Sarcasm Is The Lowest Form Of Wit: Even In Yet More Snow

"I suspect the roads are shit, where I am driving to, with all this ice and snow," said the newer driver nervously.

Well what do you say? do you act the old soldier/bus driver, know-it-all and risk frightening the living daylights out of the poor fellow? If honesty was the best policy, then I would have said something like:

"Well yes they are. I would go as far as to advise that you go home to bed and not brave it over the tops. It is so icy that you will slip and slide the whole length of your journey. If you are so fortunate as to miss slamming into a wall or have another skidding motorist, driving too fast, embed their car into your rear end, then go ahead and have a nice day."

Instead, I resisted the urge of being a sarcastic brat and simply said:

"No, not really."

Always in the workplace, particularly in the bus depot, what goes around comes around.
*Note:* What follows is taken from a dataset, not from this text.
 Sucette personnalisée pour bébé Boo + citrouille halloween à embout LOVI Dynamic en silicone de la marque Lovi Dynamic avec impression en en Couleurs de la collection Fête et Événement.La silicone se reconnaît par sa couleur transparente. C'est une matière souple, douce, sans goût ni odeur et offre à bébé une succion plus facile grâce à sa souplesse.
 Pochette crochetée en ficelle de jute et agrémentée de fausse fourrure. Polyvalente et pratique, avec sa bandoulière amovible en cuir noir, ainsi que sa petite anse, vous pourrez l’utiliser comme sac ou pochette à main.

So if a driver is sarcastic or mean, give it a couple of weeks and something will befall that driver that will bring him/her down to earth with a bang. This is from the voice of experience. I once laughed at a driver's bad luck when he dented the bus he was driving. Ha, ha, what an imbecile I thought and said so in only slightly politer form. Sure enough, the next day I reversed into a pillar and rightly had to suffer weeks of so called witty comments and snide remarks. No sympathy due there though.

I jumped into the Flying Pig for another hairy drive over England's highest bus route. The road had disappeared in places as the wind had blown the snow onto the tarmac. Thank goodness for the black and white marker poles by the side of the road which gave some indication where you were going.
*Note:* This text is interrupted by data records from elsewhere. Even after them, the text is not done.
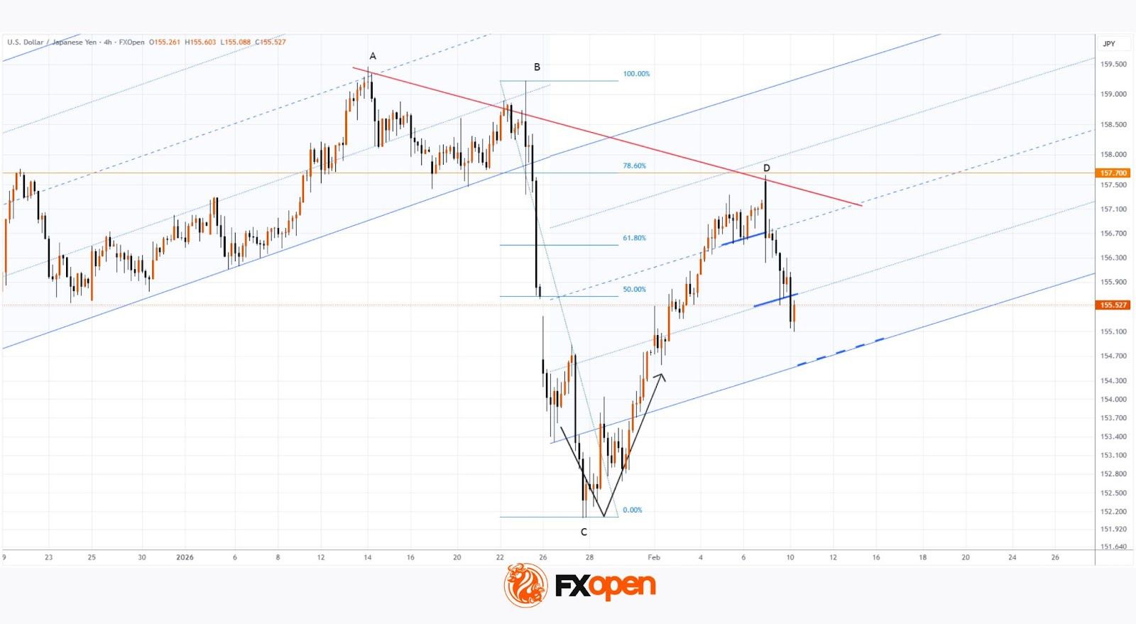 → на графике USD/JPY сформировались более низкие максимумы A-B-D (через них проведена линия медвежьего тренда).
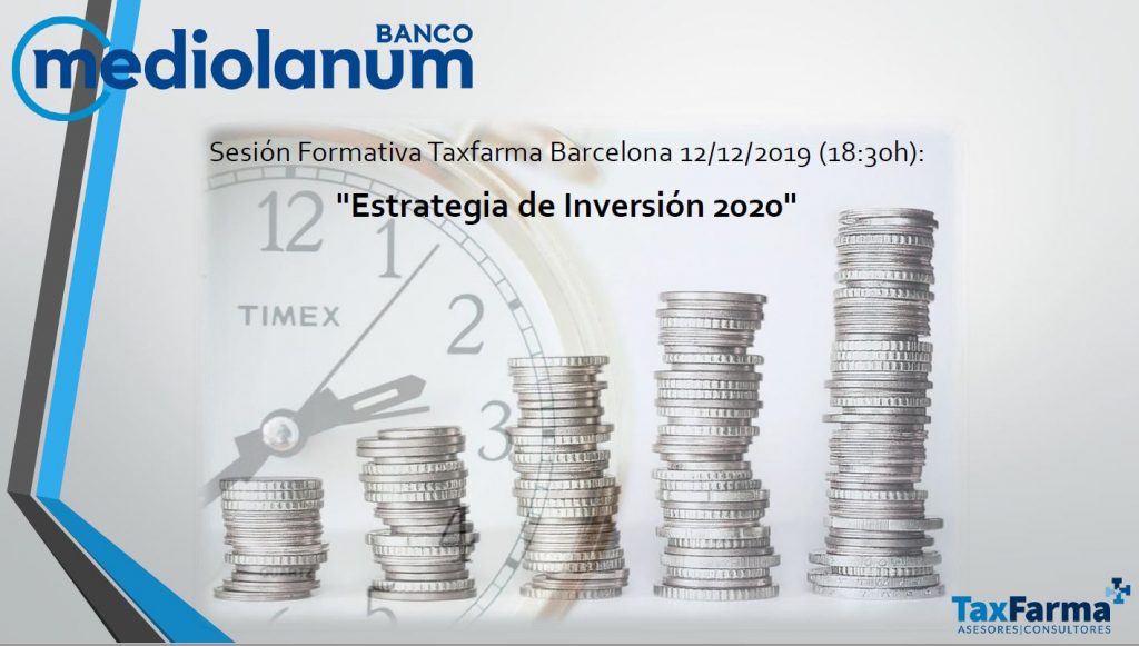 Apreciado Cliente / Colaborador: Le informamos, por si pudiera resultar de su interés, que el día 12 de diciembre de 2019 a las 18:30, Taxfarma (Barcelona) realizará la una sesión formativa gratuita orientada a la “Estrategia de Inversión 2.020”. En dicha sesión, se tratarán principalmente las perspectivas financieras del actual año 2019, así como un […]
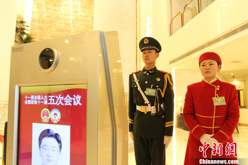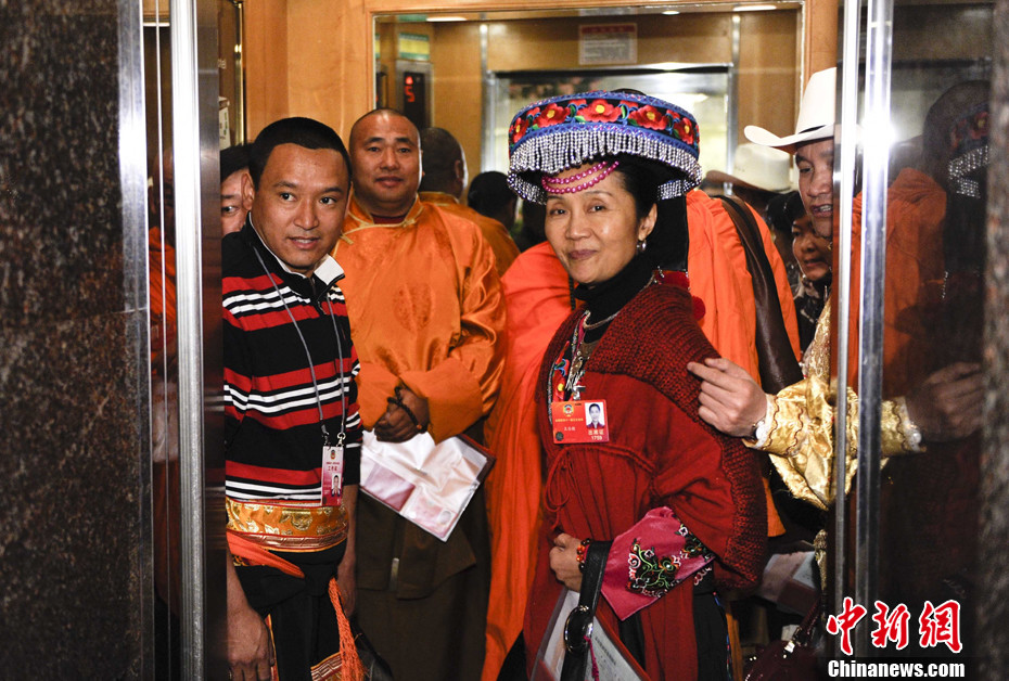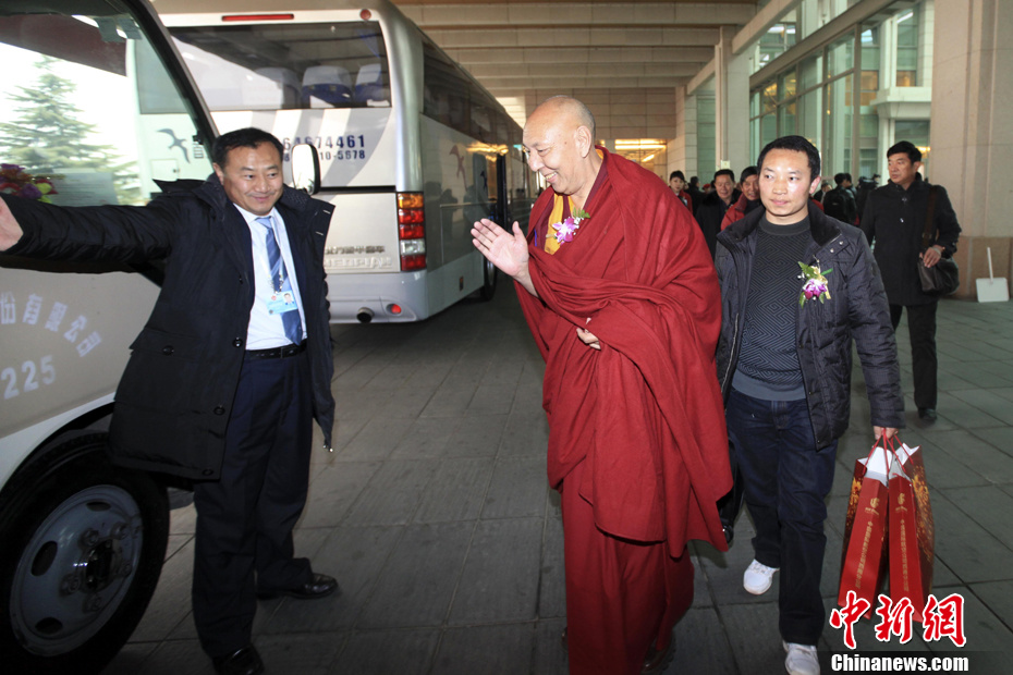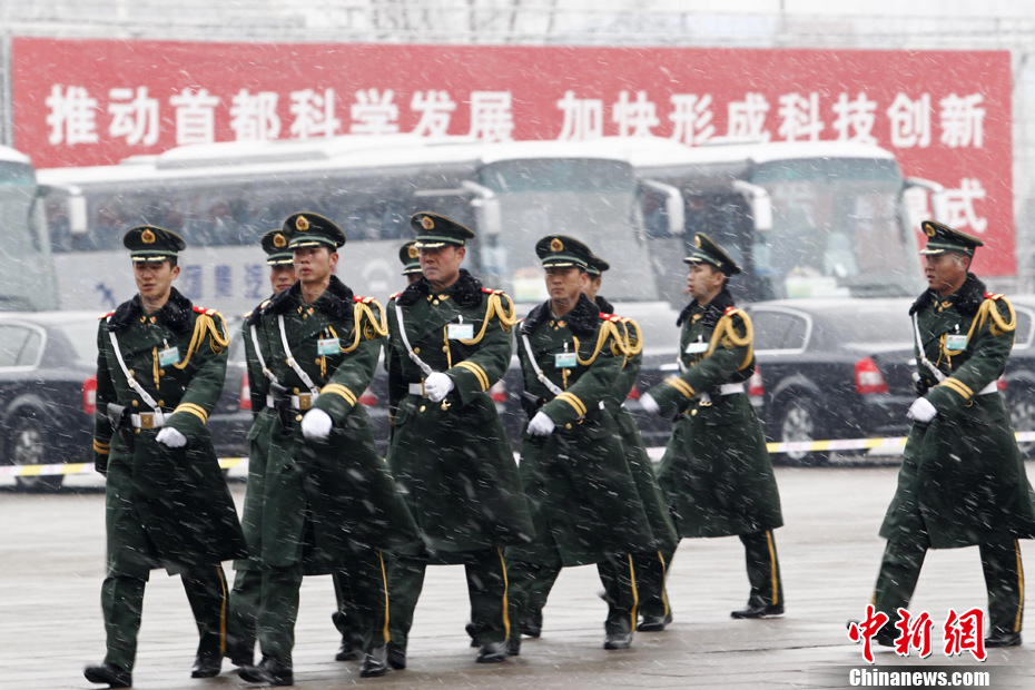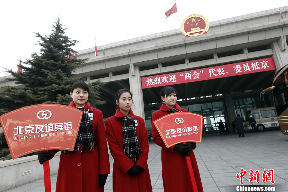 2012年3月1日,北京西郊机场,来自云南省的全国政协委员在停机坪上下人们招手示意。晓晨 摄 图片来源:CFP视觉中国

I feel the same as the newer driver. Nervous. It hasn't really changed since the first day I got behind the wheel of a bus. I feel a little shivery, in anticipation of what I might find on some of the notoriously bad hills and corners. But as soon as I venture onto the road, that all changes and the adrenaline starts flowing. At the end of a run through atrocious conditions, there is a sense of achievement and an inner warm glow of pride.

This is the seventh week that snow has been around. There was another good fall last night. The place is a whiteout again. Roll on the Spring. It's been an awfully long Winter. But the signs are looking good. It is definitely lighter in the mornings. For the first time in weeks, the hint of dawn breaking is noticeable as I drive across the frozen moors to the depot. It is lighter for longer in the evenings too. That means, just January, February, March and part of April to get through before the risk of heavy snow lying on the ground in the North Pennines. Of course it did snow one day in June last year and the old folk tell tales of it snowing in every month of the year.

I'm optimistic. Besides the ice in the bowl of the bus driver's lavatory in the depot is thinner. Even the spider seems reluctant to make his alternative winter short cut to the other side and is creeping around the porcelain on the more usual orbital route. Hope springs eternal.